Only one span of the listing below should come back. It runs from the line with "春秋の女性の白シャツファッション長袖プロフェッショナルフォーマルオフィスレディシャツトップス韓国ラペルボタン OL ブラウス" through the line with "Serviço Social: meio", and each of its lines must be reproduced exactly.

INPUT MATERIAL ▸
───

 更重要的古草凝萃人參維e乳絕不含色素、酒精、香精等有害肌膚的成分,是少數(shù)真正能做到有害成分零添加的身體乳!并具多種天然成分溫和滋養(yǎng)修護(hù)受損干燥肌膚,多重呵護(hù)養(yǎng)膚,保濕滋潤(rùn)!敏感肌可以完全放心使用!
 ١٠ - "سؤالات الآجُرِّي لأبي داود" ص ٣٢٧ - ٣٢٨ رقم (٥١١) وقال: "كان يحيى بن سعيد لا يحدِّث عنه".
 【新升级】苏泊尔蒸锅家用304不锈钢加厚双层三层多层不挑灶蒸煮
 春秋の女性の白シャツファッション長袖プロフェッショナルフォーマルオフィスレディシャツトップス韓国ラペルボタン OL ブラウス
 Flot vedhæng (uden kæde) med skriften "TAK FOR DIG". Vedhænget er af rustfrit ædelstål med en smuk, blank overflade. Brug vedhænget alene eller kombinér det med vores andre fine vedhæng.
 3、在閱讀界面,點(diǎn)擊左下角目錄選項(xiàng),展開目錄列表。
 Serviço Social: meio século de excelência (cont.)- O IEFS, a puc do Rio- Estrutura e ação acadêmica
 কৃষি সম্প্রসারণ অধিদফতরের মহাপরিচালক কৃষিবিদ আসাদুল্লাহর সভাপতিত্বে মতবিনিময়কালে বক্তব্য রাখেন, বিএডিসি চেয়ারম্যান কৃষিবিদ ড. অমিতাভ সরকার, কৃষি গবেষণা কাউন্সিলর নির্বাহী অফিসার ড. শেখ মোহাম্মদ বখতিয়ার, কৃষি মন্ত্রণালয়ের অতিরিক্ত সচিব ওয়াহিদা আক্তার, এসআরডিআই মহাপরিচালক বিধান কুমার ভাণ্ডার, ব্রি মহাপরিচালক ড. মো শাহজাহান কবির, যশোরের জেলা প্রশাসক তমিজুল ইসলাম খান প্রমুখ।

───

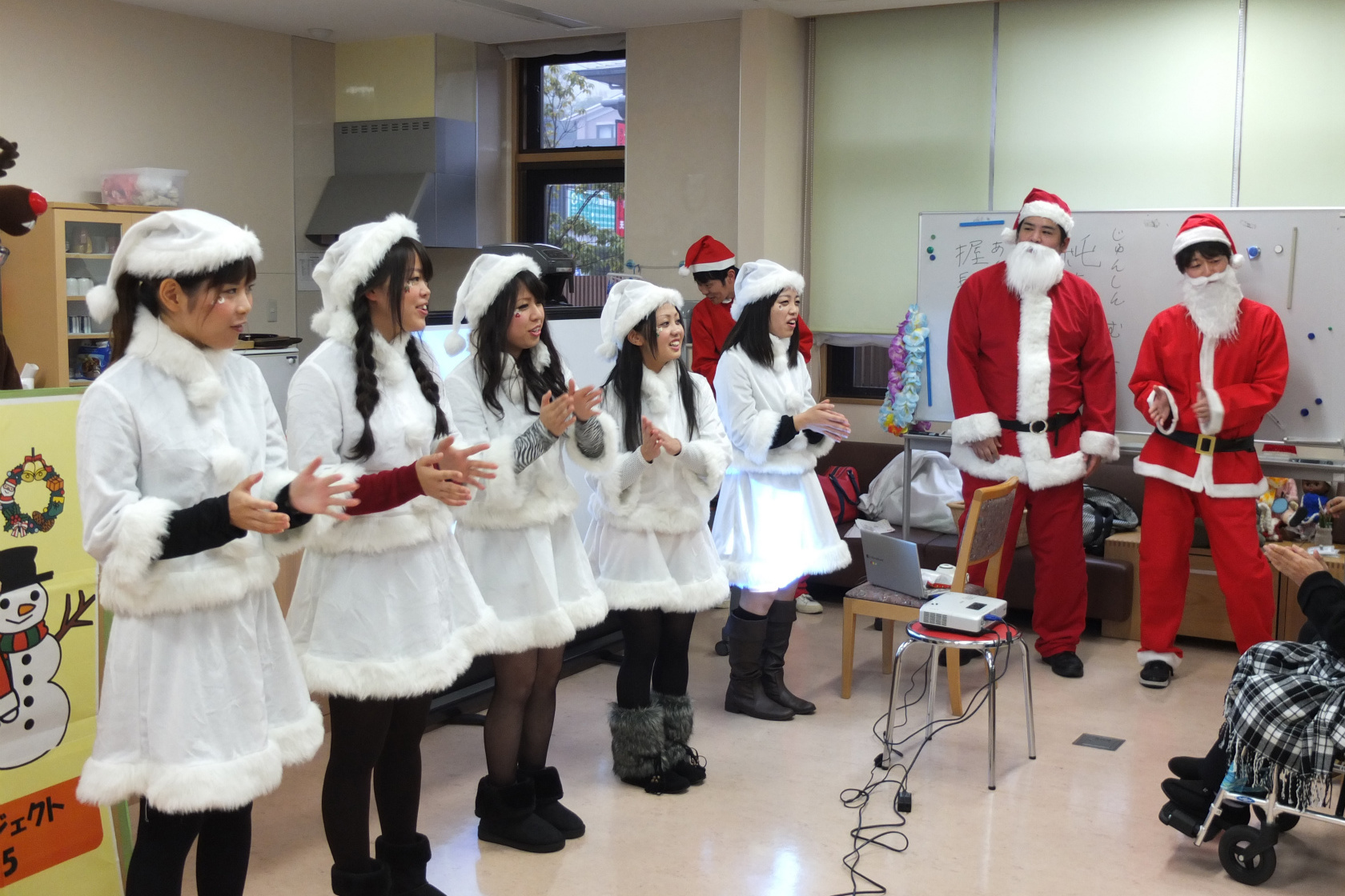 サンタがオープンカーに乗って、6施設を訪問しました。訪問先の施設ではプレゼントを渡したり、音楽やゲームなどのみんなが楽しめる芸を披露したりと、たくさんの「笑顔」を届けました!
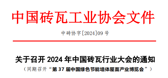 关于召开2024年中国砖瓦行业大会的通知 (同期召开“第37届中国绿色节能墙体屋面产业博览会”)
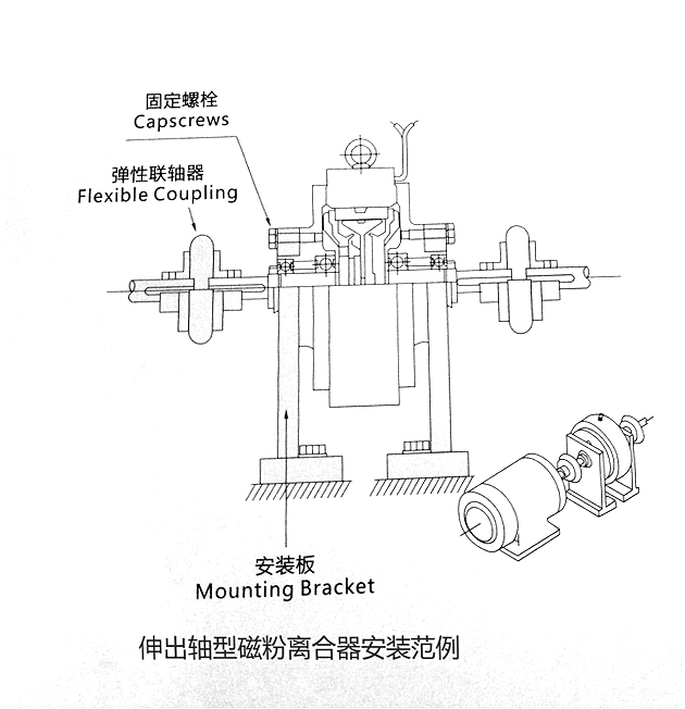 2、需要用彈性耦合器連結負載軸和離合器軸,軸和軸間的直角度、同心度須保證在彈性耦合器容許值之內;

───

RESPONSE FOR THIS EXERCISE ▸
 春秋の女性の白シャツファッション長袖プロフェッショナルフォーマルオフィスレディシャツトップス韓国ラペルボタン OL ブラウス
 Flot vedhæng (uden kæde) med skriften "TAK FOR DIG". Vedhænget er af rustfrit ædelstål med en smuk, blank overflade. Brug vedhænget alene eller kombinér det med vores andre fine vedhæng.
 3、在閱讀界面,點(diǎn)擊左下角目錄選項(xiàng),展開目錄列表。
 Serviço Social: meio século de excelência (cont.)- O IEFS, a puc do Rio- Estrutura e ação acadêmica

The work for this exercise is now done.